Leland hesitated before saying, “Well, there are no prizes for guessing that I’m private security, nor for figuring out that I probably wouldn’t be on the case if I weren’t in something like the same line of work as you. I might as well come clean, though, and admit that busting everyday pharmaceutical counterfeiters is more my sort of thing than a weird mess like this. You know I can’t tell you who I work for, but you also know what that means.”

“The megacorps,” Lisa said. “I suppose they don’t like to be called the Cabal?”

“As far as I can tell,” Leland informed her wryly, “they
love
it. But that’s by the by. The question is: can we work together, or are you going to go after me for loading you in back of the van with the other two? Even though the girls aren’t mafia, they’re bound to have lawyers. If I’d left them to be taken into custody, the local plods would have done everything by the book—and by the time you’d woken up, you’d have had to sit twiddling your thumbs while the MOD hammered out some kind of deal to persuade the captives to sell out their pals. You ought to be grateful to me for expanding your options.”

“I’m not going to make myself an accessory to torture,” Lisa said sharply.

“Of course not,” Leland replied soothingly. “If I were going to try anything of that sort, I’d make very sure you weren’t involved, for my sake as well as yours. In this instance, we don’t have time—the trouble with obtaining information under duress is that you have to be able to check it out and take punitive action if you’ve been sold a pup. However crazy these two are, they know that we’re in a race against the clock. They’ll feed us bullshit if they can, especially if we play the bully. We’ll have to work a little more creatively. It won’t be easy—but I figure that the two of us might have a better chance than either one alone.”
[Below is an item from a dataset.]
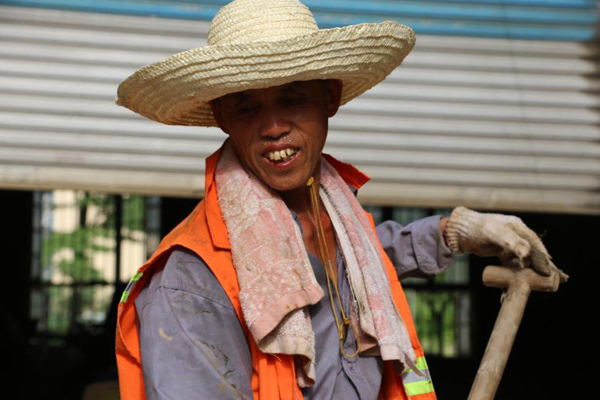 68岁的郭国山,他是历经铺街道的一位环卫工。草帽、铁锹、水,这是他的标准配置。黝黑的皮肤上,汗珠清晰可见,一天工作下来他至少要喝5瓶水。凌晨4:30,便开始工作,直至下午5:30他的工作才结束,最近几天,对于他来说加班是常事。在他负责清扫的区域平日小拖车3车就够了,而现在,他每天要拖不下10车。“特殊时期,没有什么可抱怨的。”
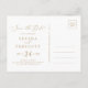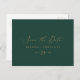 This delicate gold and green save the date postcard is perfect for a modern wedding. The romantic minimalist design features lovely and elegant champagne golden yellow typography on an emerald green background with a clean and simple look.

“You haven’t tried to question them by yourself?” Lisa asked skeptically.

“They’re still asleep,” he told her. “There wasn’t time to be subtle back in the car lot—I had to hit them with the gas. I figure they’ll be awake at any time now, but it might be as well to let them consider their situation for a little while. Their clothes weren’t nearly as badly damaged as yours, but I took them anyway. They’re very modern girls—smartskins, no underwear. They’re tightly secured, each in a different room. They’ll be feeling
very
vulnerable.”

“I can’t be a party to this,” Lisa said, without much conviction.

“That’s a shame,” Leland told her. “I’ll be talking to them anyway—the only result of your staying out of it will be that our chances of getting what we need are reduced—and you’ll remain ignorant of anything I do manage to find out. Do you really want to pass on your best chance of finding out where Miller is in time to get him out alive?”

Lisa could only reply to that with a censorious glare, but Leland wasn’t the kind of man to wilt before a dirty look. She knew he was right, and that the two would-be assassins were far more likely to let something slip in their present circumstances than they would be if they were subjected to due process under the protection of PACE 2, with their lawyers at their elbows. She also knew that he was trying to curry favor by letting her in on the interrogations—a favor whose acceptance might be dangerous. Making herself an accessory to an illegal interrogation could easily turn out to be the next best thing to handing her head to Judith Kenna on a silver platter, careerwise. Mike Grundy had suggested that cracking the case might be exactly what the two of them needed to stave off compulsory retirement for a few more years, but the
way
it was cracked might be even more important in that regard than merely getting a result.